É, a pós modernidade está aí. Ao contrário do que o Belchior dizia, nossos ídolos não são mais os mesmos. Nossos pais, avós, bisavós não são nossos espelhos. Nossos espelhos, minha gente, são os malditos filmes de romance e os vídeos do youtube. Nosso espelho é o Joel Barish tentando apagar da memória e lutando pra que algum resquício de AMOR permaneça, passando por cima dos maus hábitos do parceiro. Ou o Jesse e a Celine e sua inacreditável história de uma noite só e que ficaria um saco caso eles permanecessem juntos.
Estamos fadados ao ROMANTISMO DE ARAQUE. O que é bonito na tela dos cinemas mas que na vida real não suporta “aquele maldito tom de voz que ele faz e me irrita”. Nos anos da tolerância-zero, tudo irrita. Boca cheia, bebedeira, modos, uma roupa feia, um tênis furado, um cabelo mal cortado, uma amizade indesejada.
É isso que deveríamos suportar. Quando a gente estabelece a lista ideal do nosso companheiro, nunca está “saber usar talheres” ou “pagar contas em dia”. Não. Divertido, engraçado, atraente, isso sim. Mas o divertido, engraçado e atraente pode usar uma roupa que você não gosta e isso vai te irritar profundamente. Só que, o seguinte: que mal tem se ELE gosta de usar a roupa? Que mal tem se ele fala de boca cheia? Se ele grita? Ou se ele é apático? Será que as qualidades inerentes à pessoa não superam estes pequenos lapsos de comportamento?
Infelizmente, não pensamos mais assim. E inacreditavelmente podamos a liberdade alheia de cometer mínimos desvios de etiqueta. Os relacionamentos seriam bem mais duradouros caso a cor de cabelo fosse só um acessório. Questão de compreensão. Ele fala alto, passa vergonha, mas não pode ser motivo para uma quebra de laços. Falta tolerância pra comemorar bodas. E vai seguir faltando.
No final das contas, somos todos românticos de araque. Achamos lindo nos filmes, mas se ele tá puxando minhas cobertas demais, eu vou mijar e quem sabe dar umas duas semanas de castigo sem dormir comigo. Todos somos. Somos a geração dos românticos das telas. Quando chega a vida real, os defeitos idiotas destroem tudo. E tá aí a solução mágica pro fim do teu namoro: ele acabou porque você não soube respeitar o fato dele ter excentricidades que não são compatíveis com as tuas. Irritação daqui e de acolá. Uma junção de fatos miúdos que formam uma bomba sem volta.

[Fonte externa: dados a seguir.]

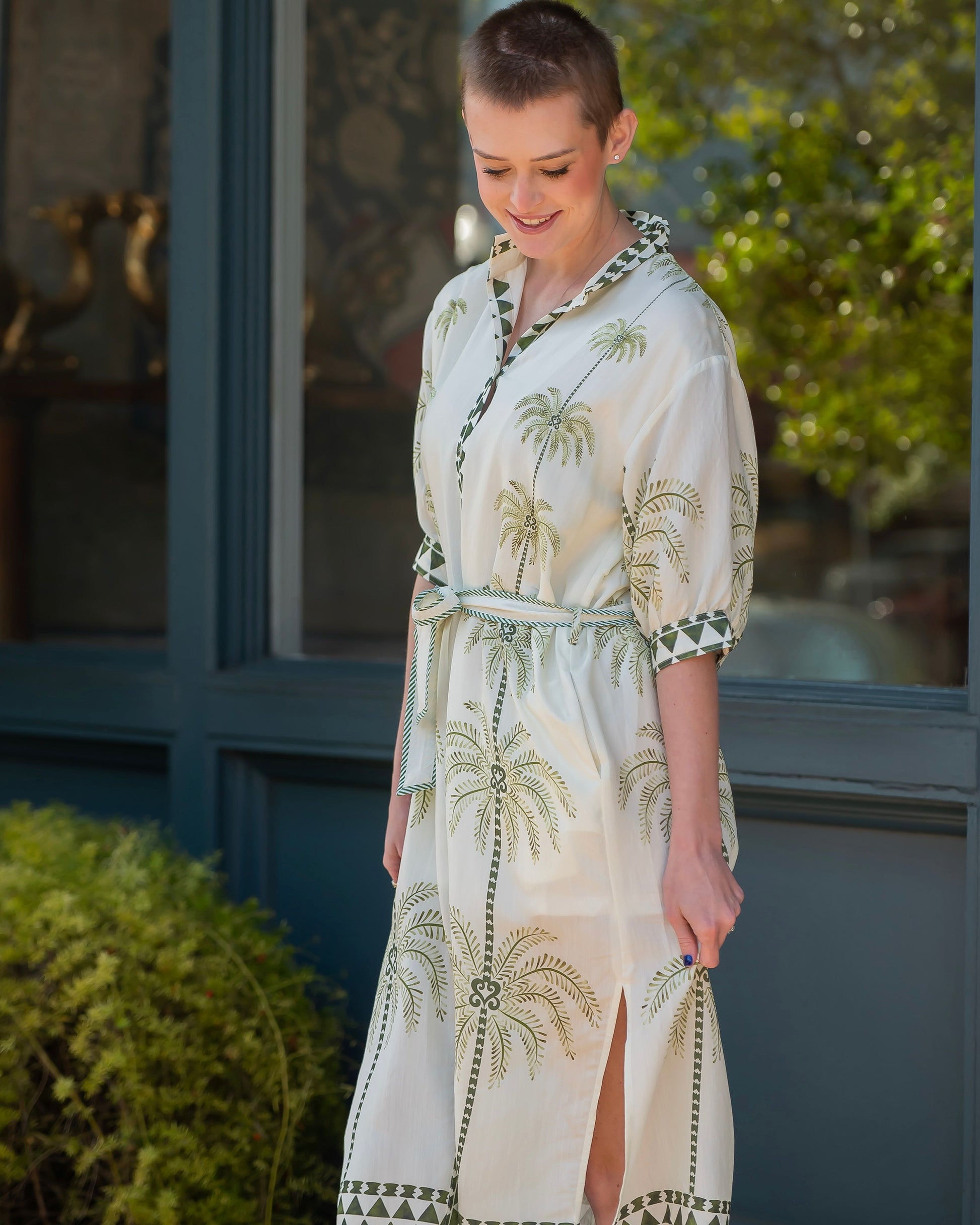 Escape into effortless elegance with this Briar Palm Tree Printed Dress. Featuring a vibrant tropical print that brings resort-ready style to everyday wear, this piece combines comfort with sophistication. The self-tie belt lets you customize your silhouette, while practical side pockets keep essentials within reach. A crisp collar adds polish, and the lined interior ensures a smooth, flattering fit. Perfect for warm-weather adventures or casual office days.

Eu acho que eu tenho razão. Afinal, eu não posso admitir que fumar, beber, falar alto, comer sem modos e usar roupas velhas sejam fatores determinantes para fim de uma relação. Esse aí ó, que faz tudo isso, é o mesmo que preenchia todas as suas condições quando você estava solteira, lembra? Em princípio, você até aceitava isso no pacote. Depois, não dá pra aceitar o fato dele gostar de OVELHA NA BRASA e de você ser vegetariana? Hmm, ruim né. Acaba logo e coloca isso na lista. Até perceber que o próximo ronca demais. E assim vai, vivendo vários “Antes do Amanhecer”, acumulando defeitos, largando fora e vendo as bodas parar num antiquário.
O azar dessa bosta de geração é que não tem a Lacuna Inc. pra apagar tudo isso.
Vou emoldurar e colocar na parede =D
Comment by alessandra — September 26, 2006 @ 7:11 pm
Tri revelador este teu post. Eu gosto. Mas que tu tá azedo, isso tu tá.